AVAILABLE DATA -
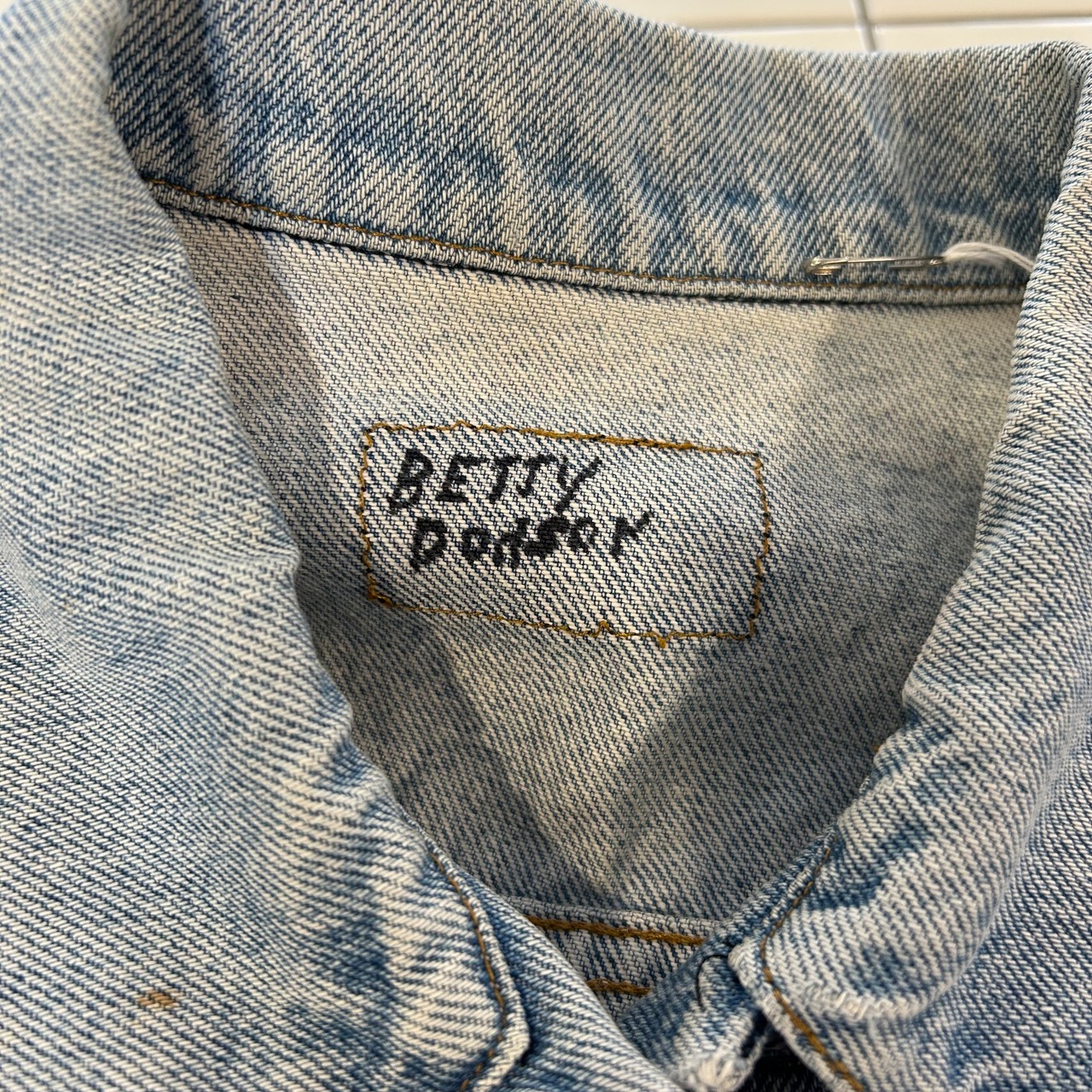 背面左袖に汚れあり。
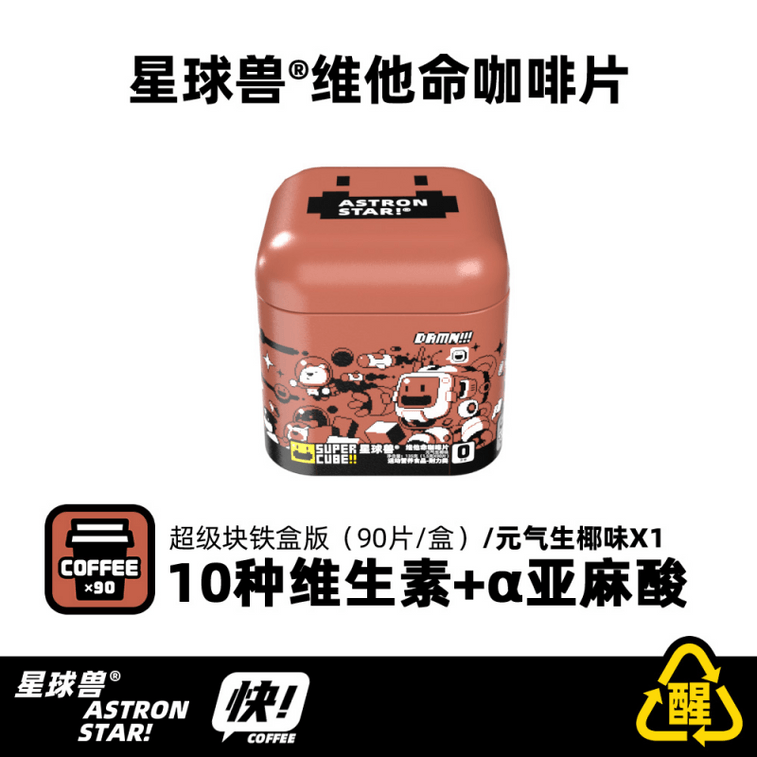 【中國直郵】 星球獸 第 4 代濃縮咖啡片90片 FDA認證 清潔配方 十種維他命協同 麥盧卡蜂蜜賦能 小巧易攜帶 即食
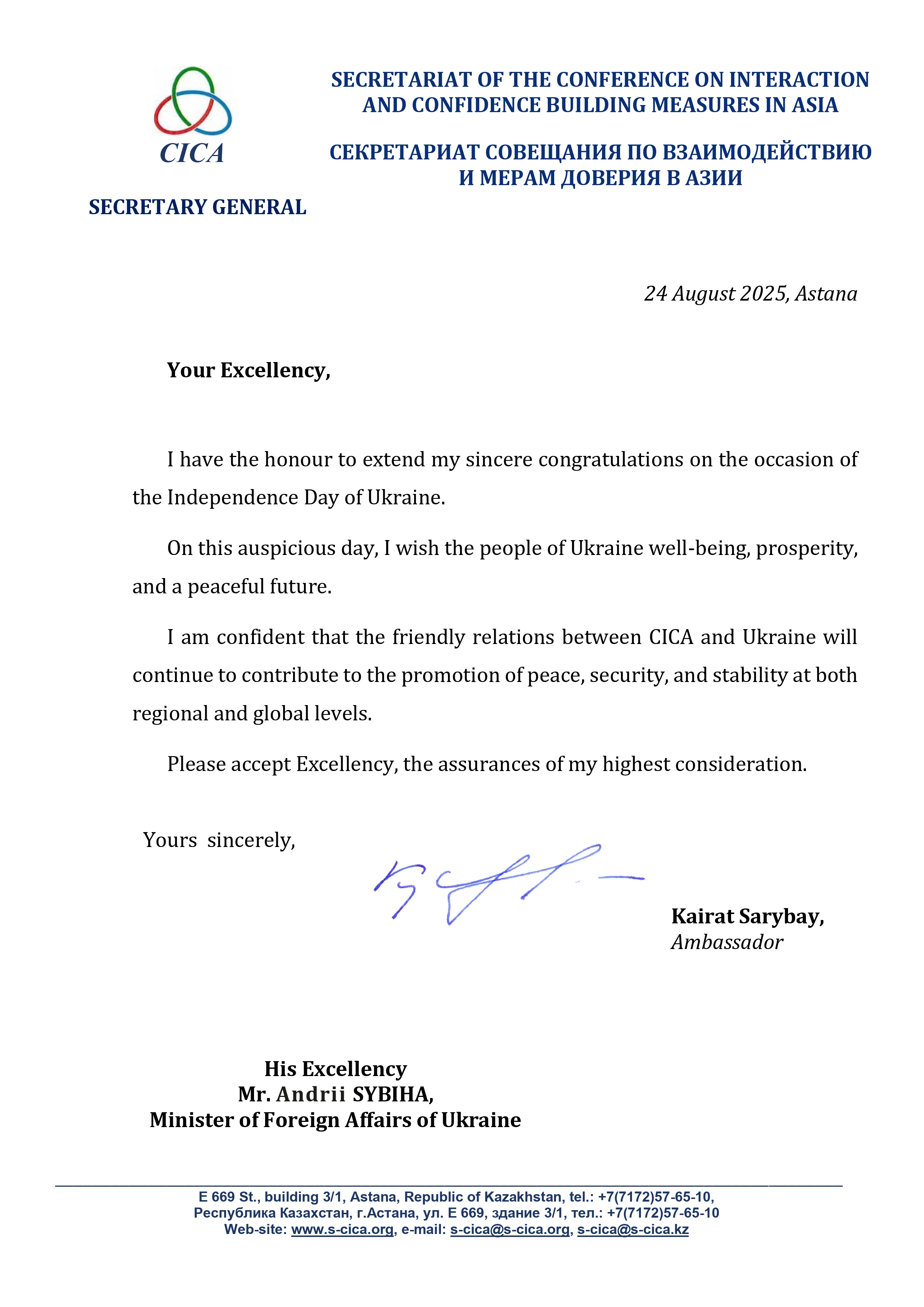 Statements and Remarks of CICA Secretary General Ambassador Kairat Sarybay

==

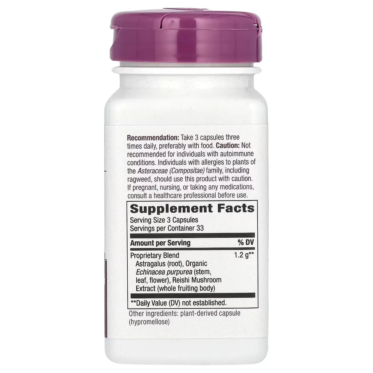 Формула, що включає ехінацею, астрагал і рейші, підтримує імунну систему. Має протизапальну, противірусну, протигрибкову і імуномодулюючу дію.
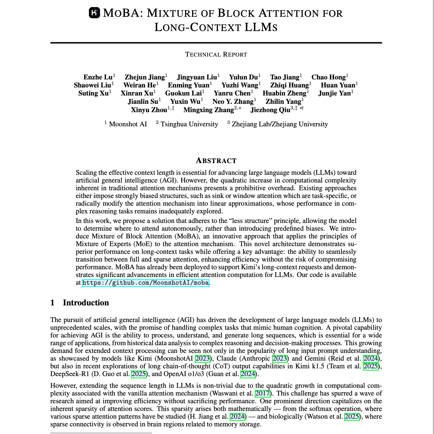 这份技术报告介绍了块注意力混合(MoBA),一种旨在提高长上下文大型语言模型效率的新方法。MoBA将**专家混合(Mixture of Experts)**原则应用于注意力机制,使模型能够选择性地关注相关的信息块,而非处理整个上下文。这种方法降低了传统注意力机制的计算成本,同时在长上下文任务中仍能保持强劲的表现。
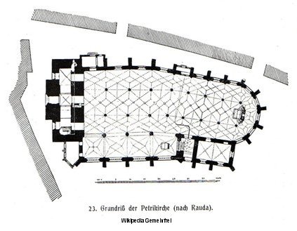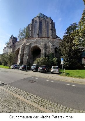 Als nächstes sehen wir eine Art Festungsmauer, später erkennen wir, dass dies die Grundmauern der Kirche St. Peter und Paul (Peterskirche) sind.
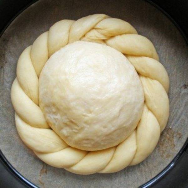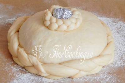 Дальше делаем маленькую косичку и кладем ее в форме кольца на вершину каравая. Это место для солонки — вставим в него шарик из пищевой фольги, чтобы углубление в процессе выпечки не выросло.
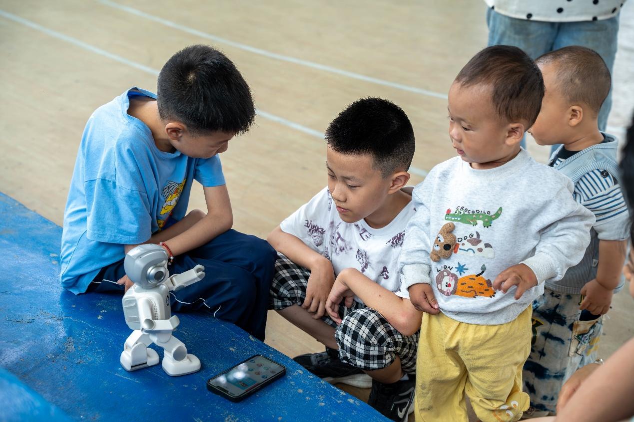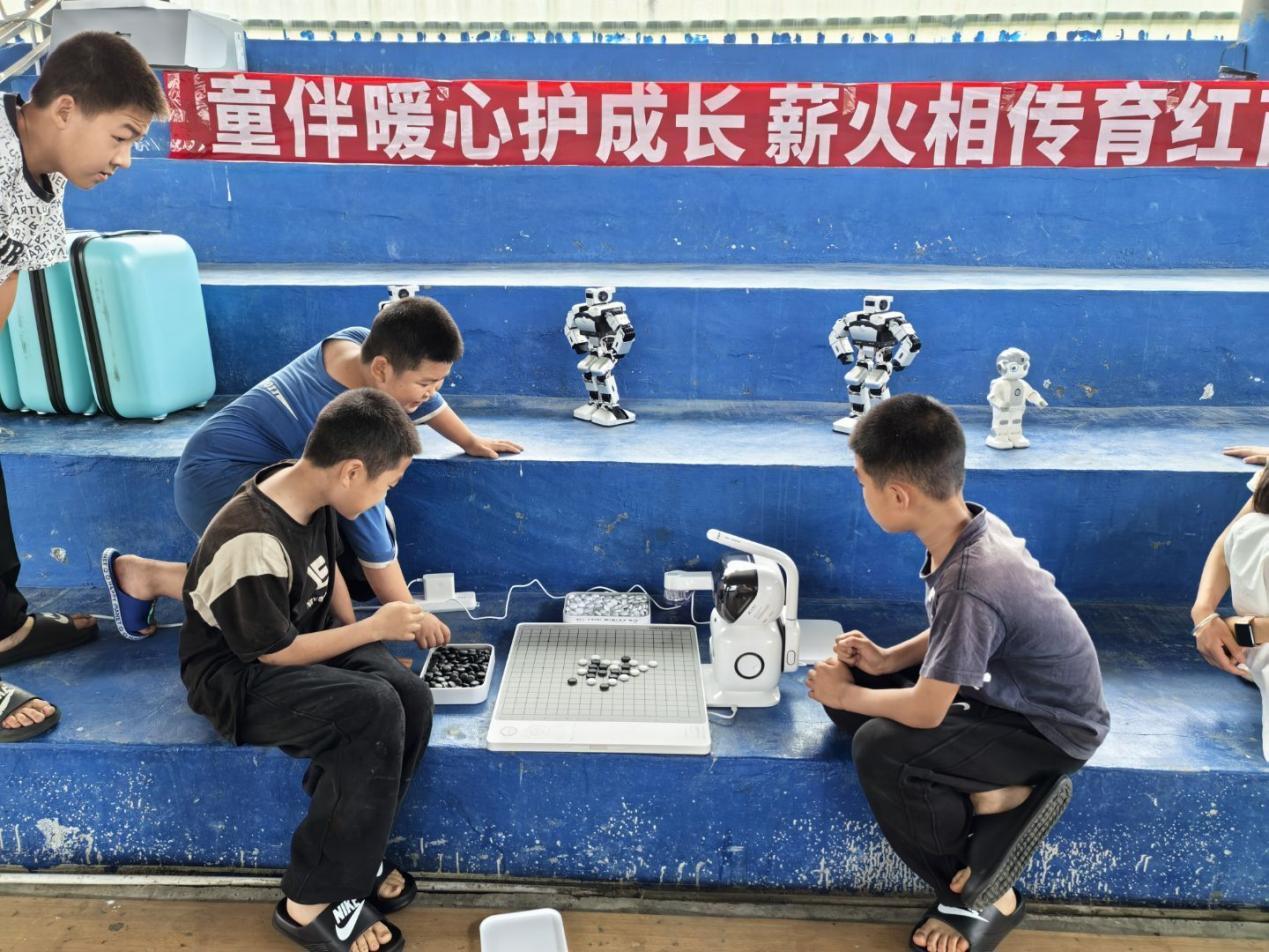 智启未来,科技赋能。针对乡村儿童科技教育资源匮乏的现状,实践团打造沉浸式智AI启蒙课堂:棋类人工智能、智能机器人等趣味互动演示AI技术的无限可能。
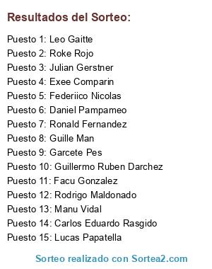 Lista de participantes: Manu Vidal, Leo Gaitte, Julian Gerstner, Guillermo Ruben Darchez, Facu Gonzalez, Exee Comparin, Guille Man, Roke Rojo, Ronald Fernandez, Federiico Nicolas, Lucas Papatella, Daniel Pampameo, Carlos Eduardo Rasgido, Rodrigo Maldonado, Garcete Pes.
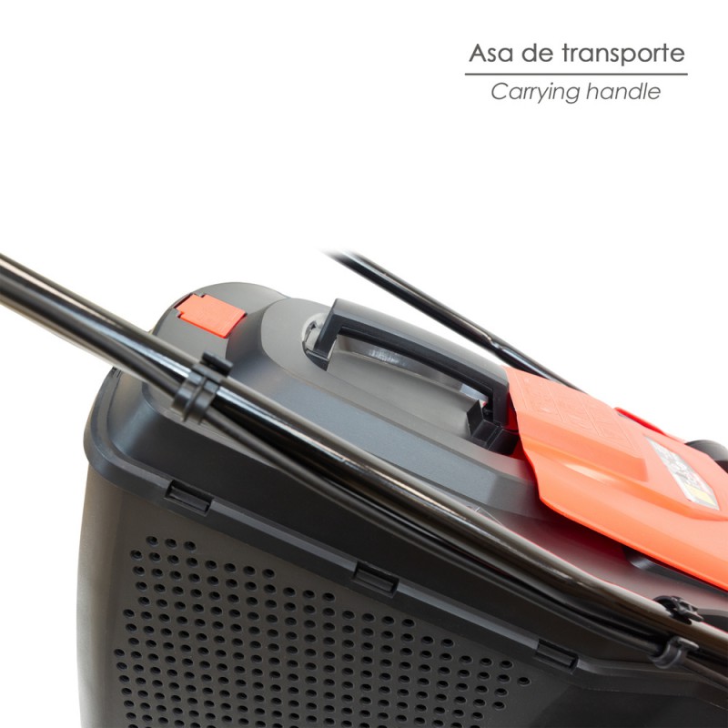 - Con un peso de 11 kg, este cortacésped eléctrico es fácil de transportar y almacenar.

---

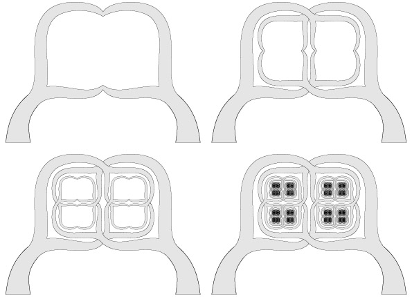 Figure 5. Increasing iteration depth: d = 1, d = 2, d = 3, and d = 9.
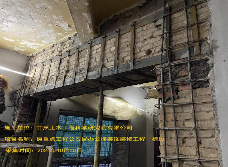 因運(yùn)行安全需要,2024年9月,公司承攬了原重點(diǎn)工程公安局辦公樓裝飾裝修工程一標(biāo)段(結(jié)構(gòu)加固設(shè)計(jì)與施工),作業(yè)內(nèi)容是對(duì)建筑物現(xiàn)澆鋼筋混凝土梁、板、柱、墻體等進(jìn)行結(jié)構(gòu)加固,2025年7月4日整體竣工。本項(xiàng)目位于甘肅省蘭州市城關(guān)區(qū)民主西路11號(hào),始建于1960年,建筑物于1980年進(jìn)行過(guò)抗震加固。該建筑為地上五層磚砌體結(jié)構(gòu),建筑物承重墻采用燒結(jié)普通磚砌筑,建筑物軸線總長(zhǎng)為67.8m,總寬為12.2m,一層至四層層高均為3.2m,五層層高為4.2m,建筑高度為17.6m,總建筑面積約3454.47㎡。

EXERCISE OBJECTIVE - Copy back exactly the lines above from the one containing "Дальше делаем маленькую" through the one containing "- Con un peso", and leave every picture behind.

OUTPUT OF THE EXERCISE -
 Дальше делаем маленькую косичку и кладем ее в форме кольца на вершину каравая. Это место для солонки — вставим в него шарик из пищевой фольги, чтобы углубление в процессе выпечки не выросло.
 智启未来,科技赋能。针对乡村儿童科技教育资源匮乏的现状,实践团打造沉浸式智AI启蒙课堂:棋类人工智能、智能机器人等趣味互动演示AI技术的无限可能。
 Lista de participantes: Manu Vidal, Leo Gaitte, Julian Gerstner, Guillermo Ruben Darchez, Facu Gonzalez, Exee Comparin, Guille Man, Roke Rojo, Ronald Fernandez, Federiico Nicolas, Lucas Papatella, Daniel Pampameo, Carlos Eduardo Rasgido, Rodrigo Maldonado, Garcete Pes.
 - Con un peso de 11 kg, este cortacésped eléctrico es fácil de transportar y almacenar.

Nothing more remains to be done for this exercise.